Two of the children were abandoned by their parents, and the mother in this
story adopted them. She earns her living doing work that seems to be an
unambiguously positive contribution to society, and takes on extra
responsibilities (in the form of two entire human beings).

The article paints a picture of a woman who is generous, hardworking, and
disciplined, and who is getting absolutely crushed by the modern economy. That
seems like a very real story to me, and a mandate to make some serious
changes, even if they put a dent in the wealth of some wealthier people.

------
DoreenMichele
I can't make it through this article. I know what the point is supposed to to
be, but it probably will fall on deaf ears. The prejudice against the homeless
runs too deep, the desire to justify that prejudice and insist it isn't merely
shitty behavior deeper still.

I am probably two or three generations removed from low level German nobility.
I was one of the top students of my graduating high school class. I won (and
turned down) a National Merit Scholarship to one of the top two universities
in my state.

My father retired from the military as an E-8, a fairly high rank. I was a
military wife for about two decades. The ex also retired as an E-8.

I got divorced and got a corporate job at a Fortune 500 company, the biggest
non military employer in my home town at the time. While I had that job, I
would make small talk at eateries or the like and people would ooh and aah
that I worked at Aflac, having no idea what I did. I had an entry level job I
couldn't get promoted out of, but locals acted like I was clearly part or the
privileged few to work there at all.

Then I quit to go live in a tent for health reasons. That long personal
history of always being respected and accomplished and one of the privileged
few in whatever circles I ran in was no protection from the prejudice against
the homeless. It did seemingly nothing to get me taken seriously, respected or
result in real help to resolve my problems.

I'm not sure it makes any difference for me to leave this remark. HN is a
bastion of goodness compared to everything else, yet still is part of the
problem. It seems to mostly just harm my reputation to talk about
homelessness, not convince other people that there are systemic issues
grinding people beneath its boot.

The only winning move is to not get ground under that boot. After it has
marked you, the entire world will heap abuse upon you, deny you real help and
tell you, clearly, you are a junkie or crazy.
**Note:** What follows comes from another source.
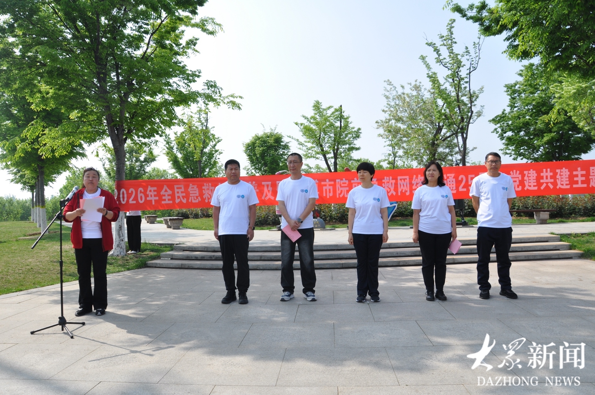 4月17日上午,孝妇河湿地公园春风微漾、党旗高扬。2026年全民急救技能普及暨淄博市院前急救网络开通25周年党建共建主题纪念活动在此举行。活动以党建为引领、以公益为纽带、以民生为导向,市医疗急救指挥中心联合淄博港华燃气有限公司举办,来自全市卫生健康系统、急救站点(哨点)、爱心企业、急救志愿者队伍的百余名代表,共同回望25载急救征程,一起吹响全民急救技能普及新号角,健步齐走健康路。

I'm quite tired of the entire thing. I increasingly want desperately to just
be free of this shit and maybe that means I should just care less about
injustice in the world and worry more about covering my own ass. "The World"
certainly doesn't give a rat's ass about me or remedying any of the actual
injustice in my life.

I increasingly hate articles like this. They do an even suckier job than I do
of making that point and often just give ammunition to the people of the world
who want to blame those whose lives don't work. ("Maybe she shouldn't have had
six kids!!" Etc ad nauseum.)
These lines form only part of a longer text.